Ошибка Обамы показывает нам, что такое иллюзия локальных причинно-следственных связей. Проще говоря, Обама путает катализатор с причиной и считает, будто знает, что данный катализатор породит такое-то следствие. Финал египетских беспорядков был непредсказуем для наблюдателей, особенно для тех, кто оценивал ситуацию изнутри. Обвинять ЦРУ или другие разведывательные структуры так же неуместно, как финансировать их ради того, чтобы они прогнозировали такие события. Правительства тратят миллиарды в попытке предсказать явления, которые, будучи продуктами взаимозависимых систем, не являются статистически очевидными для отдельного человека.
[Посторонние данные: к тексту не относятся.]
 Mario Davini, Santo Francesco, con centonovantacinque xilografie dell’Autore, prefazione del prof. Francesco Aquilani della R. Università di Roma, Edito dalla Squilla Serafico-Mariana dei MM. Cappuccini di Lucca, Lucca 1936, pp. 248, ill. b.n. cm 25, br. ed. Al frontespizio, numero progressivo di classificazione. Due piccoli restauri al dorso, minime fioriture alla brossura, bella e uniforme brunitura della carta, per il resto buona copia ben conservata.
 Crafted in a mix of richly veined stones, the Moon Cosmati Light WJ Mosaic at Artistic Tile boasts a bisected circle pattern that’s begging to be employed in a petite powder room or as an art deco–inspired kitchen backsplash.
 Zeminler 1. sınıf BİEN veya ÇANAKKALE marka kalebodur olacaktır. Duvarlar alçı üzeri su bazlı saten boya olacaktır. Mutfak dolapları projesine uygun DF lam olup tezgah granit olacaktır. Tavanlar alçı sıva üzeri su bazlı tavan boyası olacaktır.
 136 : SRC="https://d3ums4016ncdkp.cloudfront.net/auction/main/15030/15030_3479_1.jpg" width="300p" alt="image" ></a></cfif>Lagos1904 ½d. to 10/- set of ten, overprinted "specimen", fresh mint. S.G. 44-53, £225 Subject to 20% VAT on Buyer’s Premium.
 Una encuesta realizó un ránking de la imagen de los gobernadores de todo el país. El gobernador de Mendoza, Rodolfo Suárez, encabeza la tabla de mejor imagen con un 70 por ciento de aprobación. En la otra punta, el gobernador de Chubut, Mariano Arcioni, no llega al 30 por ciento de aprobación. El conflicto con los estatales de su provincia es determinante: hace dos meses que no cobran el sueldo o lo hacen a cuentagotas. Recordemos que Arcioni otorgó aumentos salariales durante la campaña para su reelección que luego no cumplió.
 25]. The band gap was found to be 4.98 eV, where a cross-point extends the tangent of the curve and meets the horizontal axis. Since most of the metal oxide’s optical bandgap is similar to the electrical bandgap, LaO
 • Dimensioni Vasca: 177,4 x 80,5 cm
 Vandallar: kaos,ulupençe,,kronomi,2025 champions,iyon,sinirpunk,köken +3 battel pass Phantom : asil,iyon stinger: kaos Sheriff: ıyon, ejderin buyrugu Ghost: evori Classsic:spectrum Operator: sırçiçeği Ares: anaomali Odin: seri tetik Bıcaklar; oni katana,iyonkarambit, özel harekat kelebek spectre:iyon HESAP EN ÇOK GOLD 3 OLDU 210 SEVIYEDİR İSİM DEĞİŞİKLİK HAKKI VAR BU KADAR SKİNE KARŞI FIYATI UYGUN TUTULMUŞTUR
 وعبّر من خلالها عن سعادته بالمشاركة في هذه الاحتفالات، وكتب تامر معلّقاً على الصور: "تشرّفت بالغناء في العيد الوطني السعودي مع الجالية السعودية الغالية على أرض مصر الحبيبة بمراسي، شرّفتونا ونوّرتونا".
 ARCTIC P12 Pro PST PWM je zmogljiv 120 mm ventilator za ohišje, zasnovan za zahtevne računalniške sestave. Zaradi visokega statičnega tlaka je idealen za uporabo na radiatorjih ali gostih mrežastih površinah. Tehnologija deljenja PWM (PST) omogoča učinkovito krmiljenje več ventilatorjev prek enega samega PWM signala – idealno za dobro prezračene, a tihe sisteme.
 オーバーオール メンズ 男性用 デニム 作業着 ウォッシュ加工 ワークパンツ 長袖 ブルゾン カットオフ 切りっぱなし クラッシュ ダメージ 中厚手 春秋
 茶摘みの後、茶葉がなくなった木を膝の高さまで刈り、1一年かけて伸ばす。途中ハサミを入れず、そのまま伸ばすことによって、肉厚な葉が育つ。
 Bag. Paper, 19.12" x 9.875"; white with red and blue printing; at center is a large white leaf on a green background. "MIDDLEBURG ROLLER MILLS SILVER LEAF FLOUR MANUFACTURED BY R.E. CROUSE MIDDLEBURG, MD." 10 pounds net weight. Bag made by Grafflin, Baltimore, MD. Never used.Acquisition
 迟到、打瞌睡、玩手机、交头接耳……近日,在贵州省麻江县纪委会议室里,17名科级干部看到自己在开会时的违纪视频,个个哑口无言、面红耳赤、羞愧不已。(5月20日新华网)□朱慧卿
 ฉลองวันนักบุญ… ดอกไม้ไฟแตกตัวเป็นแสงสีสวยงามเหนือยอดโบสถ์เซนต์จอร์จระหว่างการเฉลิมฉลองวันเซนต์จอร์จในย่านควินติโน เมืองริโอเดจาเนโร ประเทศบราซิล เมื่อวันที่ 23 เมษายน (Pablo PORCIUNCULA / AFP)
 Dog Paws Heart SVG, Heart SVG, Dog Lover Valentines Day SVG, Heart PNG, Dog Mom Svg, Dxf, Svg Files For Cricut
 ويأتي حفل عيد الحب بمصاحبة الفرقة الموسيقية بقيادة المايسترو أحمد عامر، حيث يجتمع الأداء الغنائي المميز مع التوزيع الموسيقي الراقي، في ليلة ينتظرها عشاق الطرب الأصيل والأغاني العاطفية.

Люди, объясняющие возникновение массовых беспорядков, чаще всего путают катализатор с причиной. Взять «арабскую весну» 2011 года. Восстания в Тунисе и Египте изначально связывали с ростом цен на товары, а не с душными и непопулярными диктаторскими режимами. Однако Бахрейн и Ливия – это богатые страны, они могли позволить себе импортировать зерно и другие товары народного потребления. За пару лет до того в Америке цены были значительно выше – и никто не взбунтовался. Опять же, даже если логика нас утешает, в центре внимания оказывается ложная предпосылка. Изучать надо систему и ее хрупкость, а не события. У физиков есть «теория перколяции», изучающая свойства хаотической среды, а не отдельные элементы этой среды.
Как сказал о Египте Марк Абдоллахян из Sentia Group, в числе прочих поставляющий правительству США прогностическую аналитику (ту самую, которая не сбывается), правящие круги должны «вообразить, что это Лас-Вегас. Игрок в блек-джек может заработать огромные деньги, если играет на четыре процента лучше среднего игрока». Но это ложная аналогия, с которой я и пытаюсь бороться. Когда мы говорим о Египте, нет никаких «четырех процентов». Одно дело, что на аналитиков тратятся деньги, другое – что они торгуют ложной уверенностью, которая базируется на ошибочном понимании ситуации. Иными словами, аналитики разведки совершили ту же ошибку, что и системы риск-менеджмента, не сумевшие предсказать экономический кризис, после чего оправдались теми же доводами. Маловероятные события в политике и экономике непредсказуемы, так что их вероятность нельзя измерить научными методами. Не важно, сколько долларов вы тратите на исследования; предсказывать революции – совсем не то, что играть в карты. Нам никогда не удастся превратить политику и экономику в послушную случайность блек-джека.